Within stage.details I render a table/form for each detail. After the table/form I have an add new row button. The markup is similar to the following pseudocode

<template>
    <template if:true={periods}>
        <template for:each={periods} for:item="period">
            <template if:true={period.stages}>
                <template for:each={period.stages} for:item="stage">
                    <c-innercomponent stage={stage} 
                         The markup within c-innercomponent...
                        <template for:each={stage.details} for:item="detail">
                            A table row is added for each
                        </template>
                         <lightning-button/>  Add-new row button 

This all renders well and I can render my table and my add-new button. On clicking Add-new I add a new row/element to the current stage.details and send it back to the Outercomponent-1 via an event.

On OuterComponent: after receiving the event I reassign (for the correct stage) period.stages.stage.details to the new version. in the console.log I print out this.periods and it all looks good however the UI does not update.

Should this update automatically? I've imported "track" from LWC however I don't @track periods as @track'ing attributes are no longer required.

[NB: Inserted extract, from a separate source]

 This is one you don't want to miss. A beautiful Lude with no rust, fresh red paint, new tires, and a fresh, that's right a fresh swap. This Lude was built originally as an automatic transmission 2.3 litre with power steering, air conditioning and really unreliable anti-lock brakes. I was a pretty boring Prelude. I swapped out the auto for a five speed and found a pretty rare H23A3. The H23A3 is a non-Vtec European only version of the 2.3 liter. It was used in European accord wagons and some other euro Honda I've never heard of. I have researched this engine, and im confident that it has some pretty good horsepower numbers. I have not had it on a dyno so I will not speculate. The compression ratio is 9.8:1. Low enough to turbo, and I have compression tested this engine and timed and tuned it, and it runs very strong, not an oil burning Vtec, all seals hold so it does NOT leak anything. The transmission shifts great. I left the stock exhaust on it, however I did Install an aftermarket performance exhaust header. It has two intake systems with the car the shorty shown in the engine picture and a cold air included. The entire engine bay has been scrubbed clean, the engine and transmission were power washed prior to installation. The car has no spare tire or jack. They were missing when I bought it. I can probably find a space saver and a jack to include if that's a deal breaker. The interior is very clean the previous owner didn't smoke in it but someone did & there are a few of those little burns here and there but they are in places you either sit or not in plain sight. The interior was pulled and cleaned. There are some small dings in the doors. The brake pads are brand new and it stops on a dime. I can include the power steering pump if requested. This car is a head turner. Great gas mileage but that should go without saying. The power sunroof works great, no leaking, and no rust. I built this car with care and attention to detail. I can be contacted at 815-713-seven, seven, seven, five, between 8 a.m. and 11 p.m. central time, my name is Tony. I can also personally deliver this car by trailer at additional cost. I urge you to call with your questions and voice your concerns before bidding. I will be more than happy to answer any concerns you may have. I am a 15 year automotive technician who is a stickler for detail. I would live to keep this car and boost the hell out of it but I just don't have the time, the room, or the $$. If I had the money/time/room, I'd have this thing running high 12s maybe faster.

I tried to use a rebuild array on rebuilding my this.periods via this.periods = [...this.periods, rebuild]; by following the accepted answer in Array.push() won't update Lightning Web Component View but it does not update the UI.

Does anyone know what I may need to do to allow the UI to reflect the changed data?

Note, no data is DML'd at any stage to the database therefore I was thinking @wire would not be a candidate to help.

Any tips would be appreciated. Thanks in advance for your help.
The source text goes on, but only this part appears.